Tenggarong – Akademisi Fakultas Hukum Universitas Kutai Kartanegara (Unikarta), La Ode Ali Imran, menilai bahwa Pengadilan Tinggi Tata Usaha Negara (PTTUN) Banjarmasin tidak menolak gugatan sengketa Pilkada Kutai Kartanegara (Kukar) 2024 yang diajukan oleh pasangan calon nomor 03, Dendi-Alif.
Menurut La Ode, putusan PTTUN yang menyatakan gugatan “tidak diterima” perlu dipahami secara lebih tepat.
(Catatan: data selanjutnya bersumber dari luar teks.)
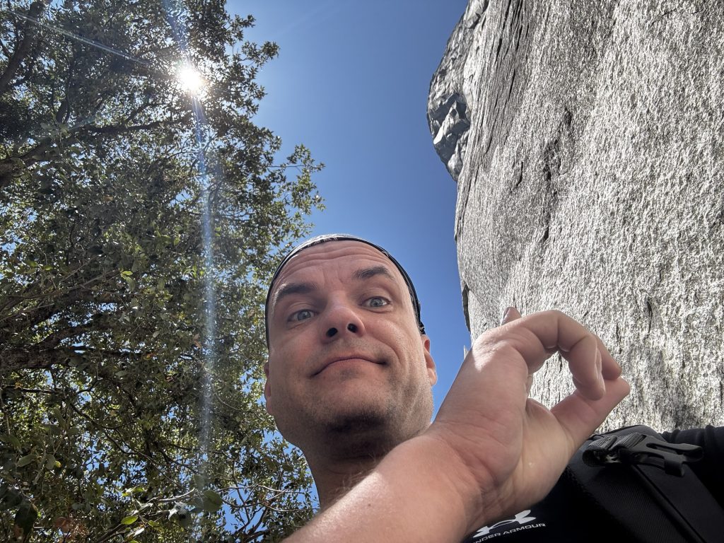 Uns wird bewusst, wieso uns alles wehtut. Egal das Ziel für heute: Füße knutschen. Also gehen wir weiter zum El Cap, finden auch den Weg, wo die Kletterer immer anfangen und 99% der Touristen nicht hingehen. Es ist ein kleiner Anstieg nicht der Rede wert, aber als man dann endlich am Fuße steht, kommt man sich einmal mehr super klein vor. Insbesondere bekommt man Ehrfurcht vor der Leistung von Alex Honnold der die Wand ohne Seil in unter 4h hoch gekraxelt ist. Der Film dazu „Free Solo“ gibts übrigens auf Disney+ wer kein Disney hat einfach mal auf YouTube nach Free Solo suchen und nasse Hände bekommen…

“Putusan dengan Nomor 7/G/PILKADA/2024/PT.TUN.BJM tidak menolak pokok perkara, melainkan hanya terkait dengan syarat-syarat formal pengajuan gugatan yang dianggap tidak terpenuhi,” ujar La Ode, Rabu (23/10/2024) malam.
Ia menjelaskan putusan tersebut bukan penolakan terhadap substansi perkara yang diajukan, melainkan hanya menyentuh soal legal standing atau kedudukan hukum para penggugat.
“Poin ini penting karena putusan ini tidak membahas isu substantif seperti dua atau tiga periode masa jabatan yang ramai dibicarakan publik dan diatur dalam keputusan Mahkamah Konstitusi,” tambahnya.
La Ode juga mempertanyakan pandangan majelis PTTUN yang menyatakan tidak adanya legal standing dalam kasus ini.
Ia menekankan perkara ini tidak hanya menyangkut pasangan calon, tetapi juga kepentingan rakyat Kukar dalam menjalani demokrasi yang sesuai dengan hukum.
Lebih lanjut, Ia menjelaskan pihak yang tidak puas dengan putusan PTTUN memiliki hak untuk mengajukan kasasi ke Mahkamah Agung (MA) sesuai dengan ketentuan hukum yang berlaku.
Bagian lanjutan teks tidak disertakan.